12月30日,金曜日,病院側は,病室にいた夫や近親者が反対しているにもかかわらず,姉妹に輸血を施しました。その晩,姉妹のベッド脇で立ちはだかり輸血が施されるのを妨害した容疑で,家族数名と長老が逮捕されました。12月31日,土曜日の朝,逮捕のニュースがニューヨーク市とロングアイランドで報道されました。
若い頃のフィリップ・ブラムリー兄弟と私
私たちは控訴し,月曜日の午前,裁判長のミルトン・モレン氏と話すことができました。

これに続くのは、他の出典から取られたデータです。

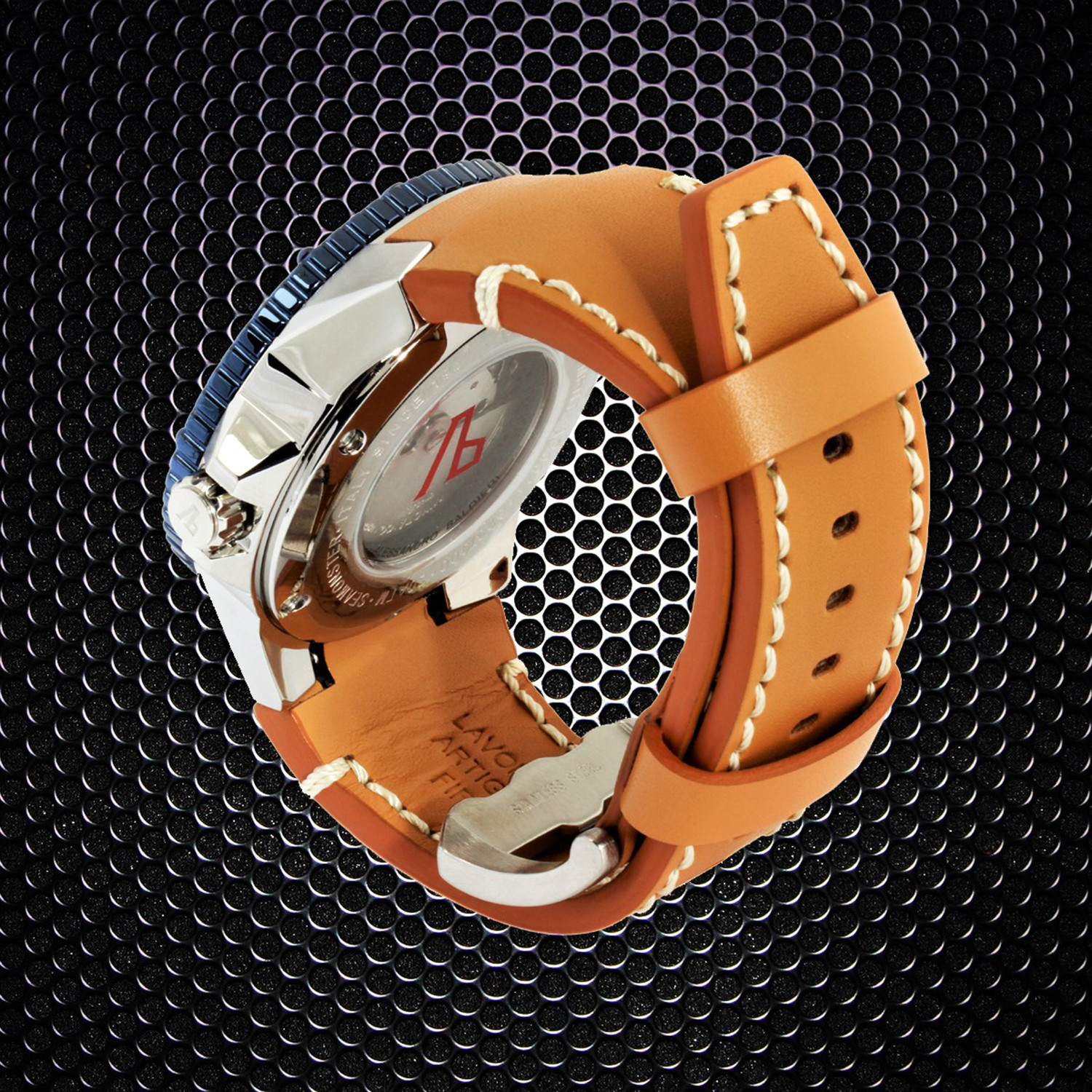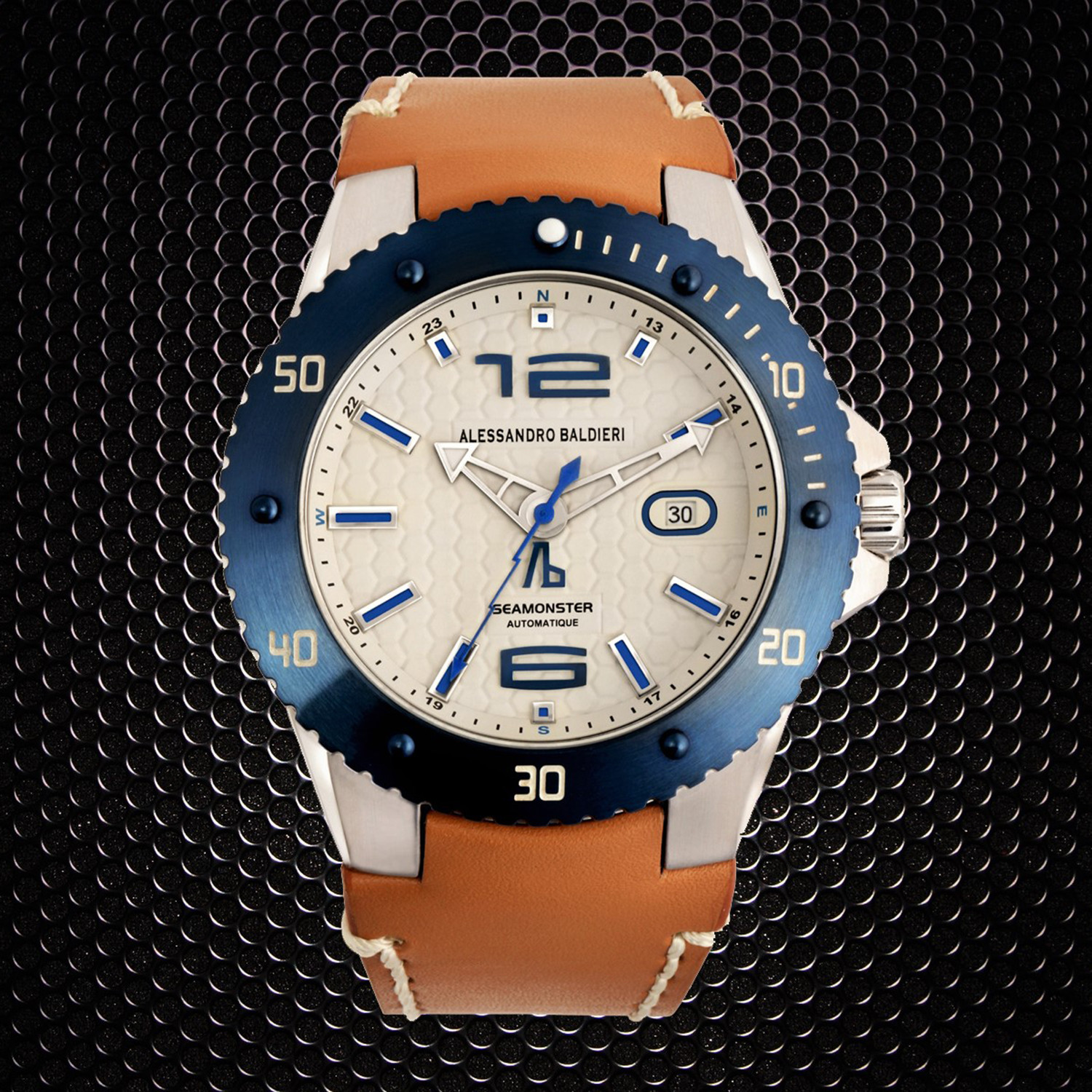 The blue PVD bezel and case of the Seamonster Classico are made from 316L Stainless steel and stainless steel crown. With an automatic movement Miyota 8215 – 21 jewels, 21,600bpm, it includes a matte aged white dial with applied indices and date located at the 3 o’clock position. The hands are see through luminous are in contrast with the dial, and the lens is K1 mineral anti reflective. The Seamonster Classico is equipped with a tan Italian saddle leather strap made by hand and fitted with a stainless buckle.

私は事件の概要を説明し,第一審の裁判官が本人に意見を述べる機会を与えることなく輸血を許可した,ということを強調しました。モレン裁判官は,その日の午後に裁判官室に来るよう招いてくれました。事実を確認し,関連する法律について話し合うためです。私の部門監督であるフィリップ・ブラムリー兄弟と共に,その日の夕方,モレン裁判官を訪ねました。モレン裁判官は病院側の弁護士も招いていました。激しい議論が交わされました。ブラムリー兄弟は,「冷静に」と書いたメモを私に見せました。今から思うと,良いアドバイスでした。相手の弁護士を論破しようと,熱くなり過ぎていたからです。
左から: リチャード・モーク,グレゴリー・オールズ,ポール・ポリドロ,フィリップ・ブラムリー,私,マリオ・モレノ。私たちの弁護団が米国最高裁判所で「ものみの塔聖書冊子協会 対 ストラットン村」事件に関して口頭弁論を行った日。(「目ざめよ!」2003年1月8日号を参照。)
1時間ほどたってからモレン裁判官は,その件を翌朝一番に扱うと言いました。私たちが裁判官室から帰る時,モレン裁判官は,「明日,彼らは苦労するでしょうね」と言いました。病院側の弁護士が自分たちの立場の妥当性を示すのは厳しいだろう,と言っていたのです。私たちの方が有利であるということをエホバが教えてくれたように感じました。エホバが私たちを用いてご自分の望むことを行っているのが分かり,謙虚な気持ちになりました。
私たちは,夜遅くまで,翌日午前の裁判のための準備をしました。裁判所はブルックリン・ベテルのすぐ近くにあったので,当時少人数だった法律部門のメンバーのほとんどは歩いて行きました。4人の裁判官は私たちの主張を聞いた後,輸血を許可する命令を取り消しました。ニコロー姉妹勝訴のこの判決により,本人に意見を述べる機会を与えずに裁判所命令を下すのは,憲法で保障されている基本的人権の侵害であることが明らかにされました。
最終的にニューヨーク州の最高裁判所は,ニコロー姉妹には無輸血の治療を選択する権利があるという判断を支持しました。